Postal2

Dieser Artikel befasst sich mit dem Computerspiel Postal, der gleichnamige Film findet sich unter Postal (Film). Daneben ist Postal auch der italienische Name der Südtiroler Gemeinde Burgstall.
Postal
Entwickler: Running With Scissors, Inc.
Verleger: Ripcord Games
Publikation: 14. November 1997
Plattform(en): PC (Linux, Windows), Mac OS X
Genre: Third-Person-Shooter
Spielmodi: Singleplayer, Multiplayer
Steuerung: Tastatur
Systemminima: 133 MHz CPU, 16 MB RAM, 24 MB Festplatte
Medien: CD-ROM
Sprache: Englisch, Deutsch
Altersfreigabe: PEGI:
Keine
Klassifizierung


USK:
Keine
Klassifizierung

Postal ist eine Computerspiele-Serie des US-amerikanischen Entwicklungsstudios Running with Scissors, Inc. (RWS). Teil eins erschien 1997 und erhielt 2003 einen Nachfolger, der auf der Unreal Engine basiert. Teil zwei ist daher ein First Person Shooter, während sich der erste Teil noch einer isometrischen 2D-Ansicht bedient.

Beide Teile werden aufgrund ihrer deutlichen Gewaltdarstellung, auch gegen unbewaffnete Zivilisten, sehr stark kritisiert. Postal 2 ist in Deutschland indiziert.
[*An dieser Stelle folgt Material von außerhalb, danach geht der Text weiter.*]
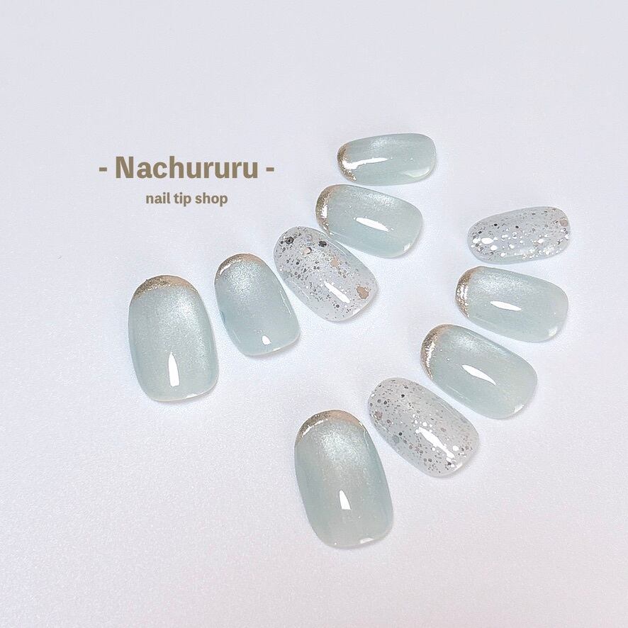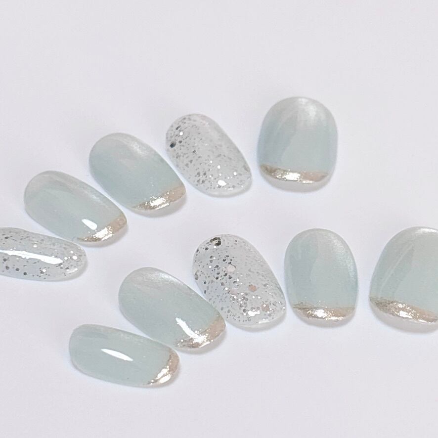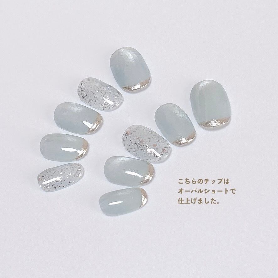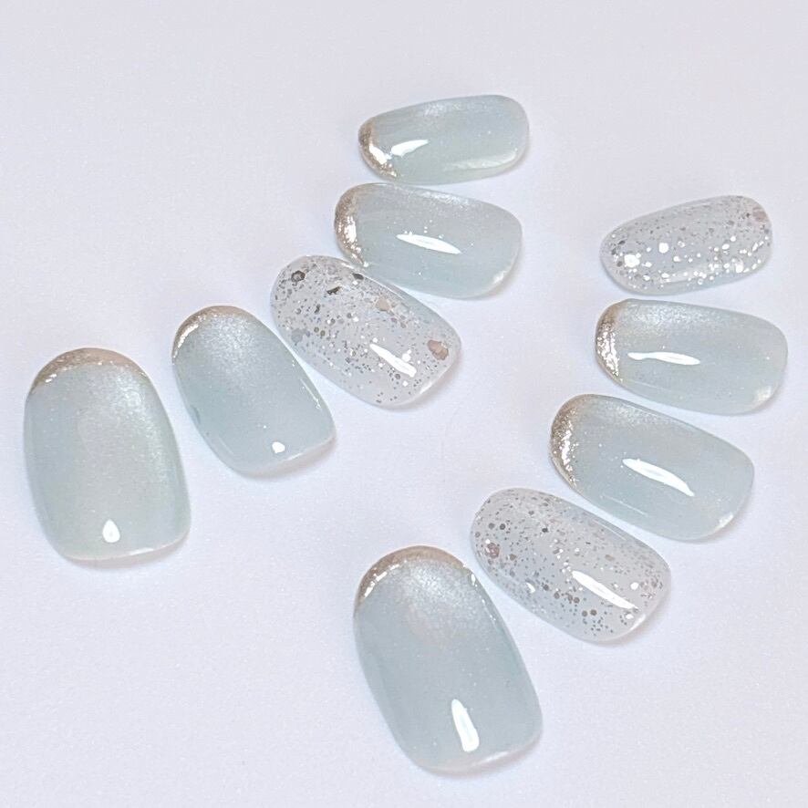 【085 現品販売】水色マグネット うるマグ ミラーフレンチ シルバーラメ ネイルチップ ちゅるん シンプル 上品 淡色

In Neuseeland und Australien war Postal neben Manhunt ein weiteres Spiel, das durch das Office of Film and Literature Classification keine Prüfung erhielt, solche Spiele gelten dann in diesen Ländern als verboten (Ein ungeprüfter Film darf dort weder verkauft, gekauft, angesehen noch überhaupt importiert werden).

Der Name des Spiels basiert auf der amerikanischen Redewendung „going postal“, was soviel bedeutet wie „einen Amoklauf starten“ oder schlicht „durchdrehen“.

Inhaltsverzeichnis

Postal

Postal versetzt den Spieler in die Rolle des Postal Dude, dem in der Spielwelt etliche Waffen zur Verfügung stehen, um seinem Frust Luft zu verschaffen und die Spielwelt in Schutt und Asche zu legen.

Der United States Postal Service strengte eine Markenrechtsklage gegen Running With Scissors an, verlor diese jedoch nach sechs Jahren.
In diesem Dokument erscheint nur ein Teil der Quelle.